Material provided section start

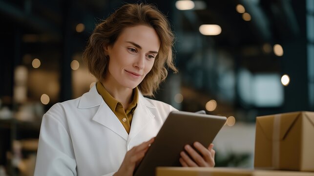 An e-commerce quality inspector holding a product beside its digital specifications on a tablet, checking measurements and materials during final verification — manufacturing quality control and
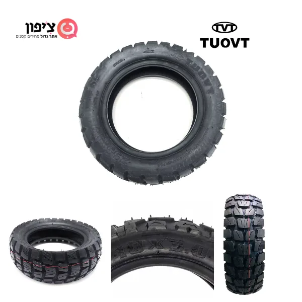 צמיג שטח לקורקינט המתאים למידות צמיג: 10X3 | 255X80 | 80/65 - זה אומר שאם יש לכם בקורקינט צמיג במידה הזאת אז הצמיג שלנו מתאים לכם ולשדרג את הקורקינט שלכם! צמיג שטח רחב שנותן אחיזה טובה ויעילה בכל תנאי רכיבה. זהו צמיג מבית טובוט (TUOVT) מחוזק לקורקינט חשמלי המונע 90% מחדירת תקרים עמיד לבלאי של שחיקה! ניתן להוסיף להזמנה פנימית 10X3 ולחסוך בעלויות!
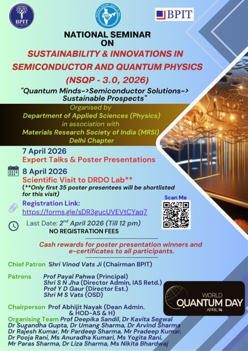 Mathematics is one subject that leads to skill- development and innovation, the more mathematical we are in our approach, the more successful we will be. Keeping in view the universality of the subject, mathematics faculty of BPIT provide the platform to the students to realize the beauty of this subject and embrace it for solving real life problems. At the Applied sciences and Humanities Department, we believe that technical knowledge, when combined with strong communication abilities, ethical awareness and civic responsibility, creates well-rounded professionals who are not only successful in their careers but also contribute meaningfully to society. Our highly qualified faculty members at BPIT, who are distinguished researchers and educators, bring more than a decade of experience to the classroom in the fields of linguistics, literature and communication. They are dedicated to providing a dynamic and interactive learning experience through engaging lectures, discussions, case studies and real-world applications. Beyond academics, we actively encourage students to participate in various co-curricular and extracurricular activities that refine their soft skills, leadership abilities and critical thinking. We invite you to explore our department and join us on this journey of knowledge, values and lifelong learning.

Material provided section end

** Try it **
Please write out all of the data verbatim, with no pictures in the copy.

** Your response **
 An e-commerce quality inspector holding a product beside its digital specifications on a tablet, checking measurements and materials during final verification — manufacturing quality control and
 צמיג שטח לקורקינט המתאים למידות צמיג: 10X3 | 255X80 | 80/65 - זה אומר שאם יש לכם בקורקינט צמיג במידה הזאת אז הצמיג שלנו מתאים לכם ולשדרג את הקורקינט שלכם! צמיג שטח רחב שנותן אחיזה טובה ויעילה בכל תנאי רכיבה. זהו צמיג מבית טובוט (TUOVT) מחוזק לקורקינט חשמלי המונע 90% מחדירת תקרים עמיד לבלאי של שחיקה! ניתן להוסיף להזמנה פנימית 10X3 ולחסוך בעלויות!
 Mathematics is one subject that leads to skill- development and innovation, the more mathematical we are in our approach, the more successful we will be. Keeping in view the universality of the subject, mathematics faculty of BPIT provide the platform to the students to realize the beauty of this subject and embrace it for solving real life problems. At the Applied sciences and Humanities Department, we believe that technical knowledge, when combined with strong communication abilities, ethical awareness and civic responsibility, creates well-rounded professionals who are not only successful in their careers but also contribute meaningfully to society. Our highly qualified faculty members at BPIT, who are distinguished researchers and educators, bring more than a decade of experience to the classroom in the fields of linguistics, literature and communication. They are dedicated to providing a dynamic and interactive learning experience through engaging lectures, discussions, case studies and real-world applications. Beyond academics, we actively encourage students to participate in various co-curricular and extracurricular activities that refine their soft skills, leadership abilities and critical thinking. We invite you to explore our department and join us on this journey of knowledge, values and lifelong learning.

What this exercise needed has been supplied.